Finding her brother wasn’t an obstacle. Her brother was the obstacle. She tripped over his body and tumbled forward. He was sleeping before she woke and before she tripped. He went out the door but he didn’t go. The door closed but he stayed. He slept outside her door. He needed rest as much as she did. He just couldn’
t stand to be in the same room with her, so he slept outside. She woke up then woke him up. It was and off chance but it was easy to find him.
He was groggier than she was. His sleep and life were rougher, but it was fine for him. He was used to it. The after effect was the same, a hangover. He woke up trying to shake it off. He looked up at her. The look lasted for both of them. She had fallen to the opposite side of the hall. She sat up at the same time as him, eyes meeting from across the hall. The look lasted on both sides, from brother to sister.
“What time is it?” said Mr. Li.
“Just after 11:00am,” said Xiaofeng.
“Do you have a class this morning?” asked Mr. Li.
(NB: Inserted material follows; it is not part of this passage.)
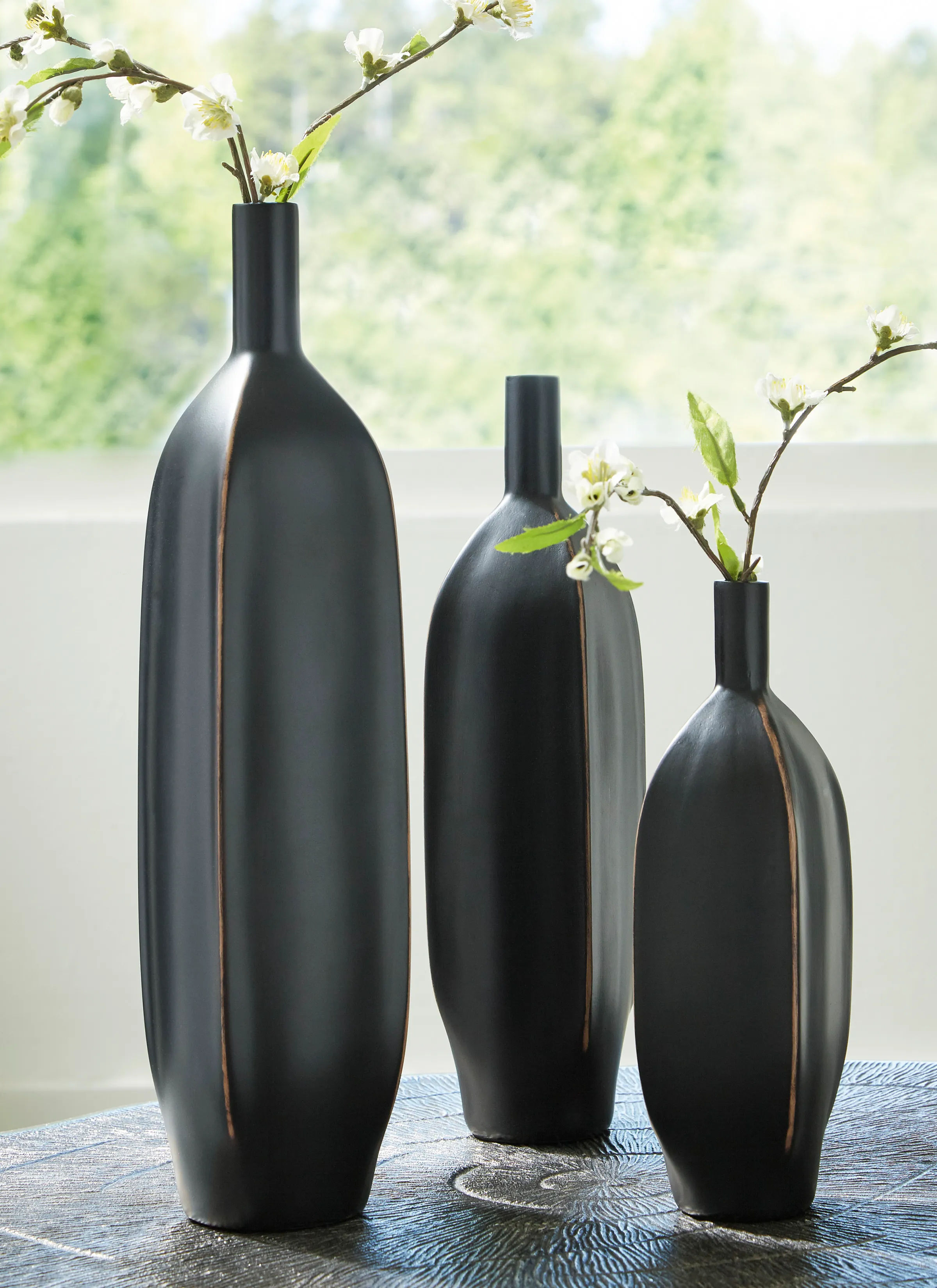 Impress with the simply sleek stylings of the Rhaveney vase. A black finish coats the piece, with a brown rub on the corners acting as a subtly eye-catching design element. What a chic addition to your bookcase, mantel or tabletop.

“Two o’clock,” said Xiaofeng.
“Ok,” said Mr. Li.
“How do you feel?” asked Xiaofeng.
“Good,” said Mr. Li.
“You wanna sit here all day?” asked Xiaofeng. Mr. Li shook his head.
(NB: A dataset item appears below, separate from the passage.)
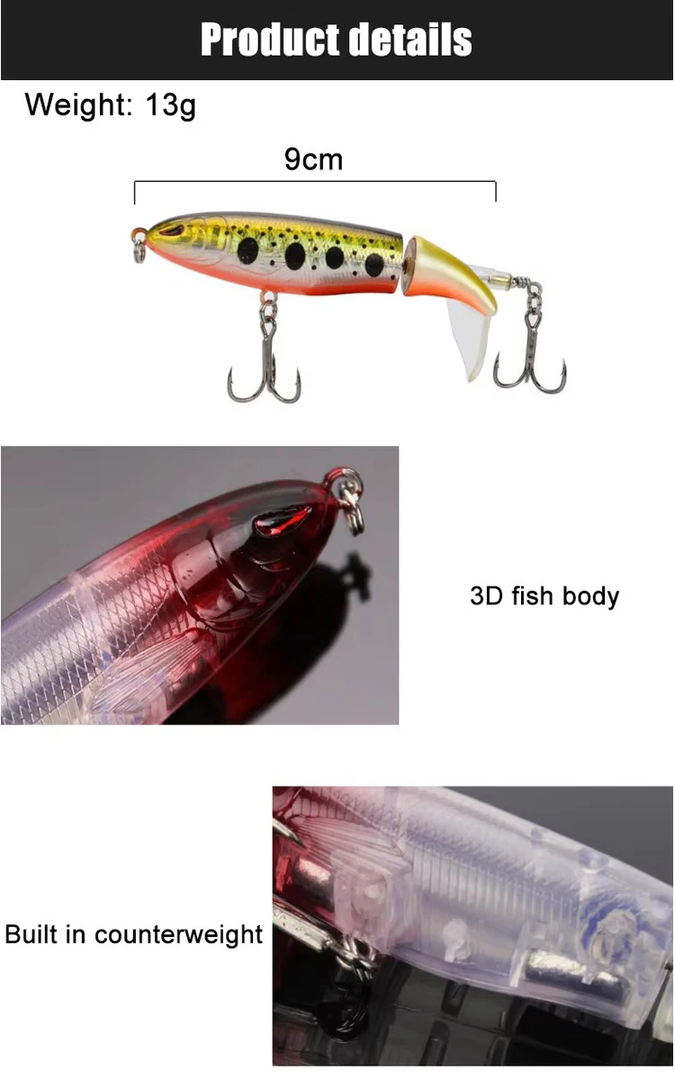 Este señuelo es único, nunca había visto uno igual. Su diseño innovador y detallado me llama mucho la atención, y aunque aún no lo he probado, la calidad parece prometedora. Tiene una forma y características que pueden hacer la diferencia en la pesca. Estoy deseando probarlo en el agua y ver cómo se comporta.

“Well,” said Xiaofeng, “I have somewhere to be.”
“It might not be the best idea,” said Mr. Li.
“What?” asked Xiaofeng.
“To go to the University,” said Mr. Li, “It’s the same as going home. They know they can find you there.”
“Mama dealt with everything by sticking with her routine,” said Xiaofeng, “That’s what I do. I learned it from her. I want you to do it too. You do whatever it is that you do. If they can find me you can too. So you know where I’ll be.” The message was clear. Mr. Li nodded his head in understanding. They readied themselves and went to the front desk. Mr. Li cancelled his second night’s stay and requested taxi service. He took Xiaofeng by a retail shop for better clothes. The ride and the skirt suit were on him. The taxi stopped on Veteran Avenue next to the UCLA campus. Xiaofeng got out of the car carrying her skirt suit on a hook. She would change in her office.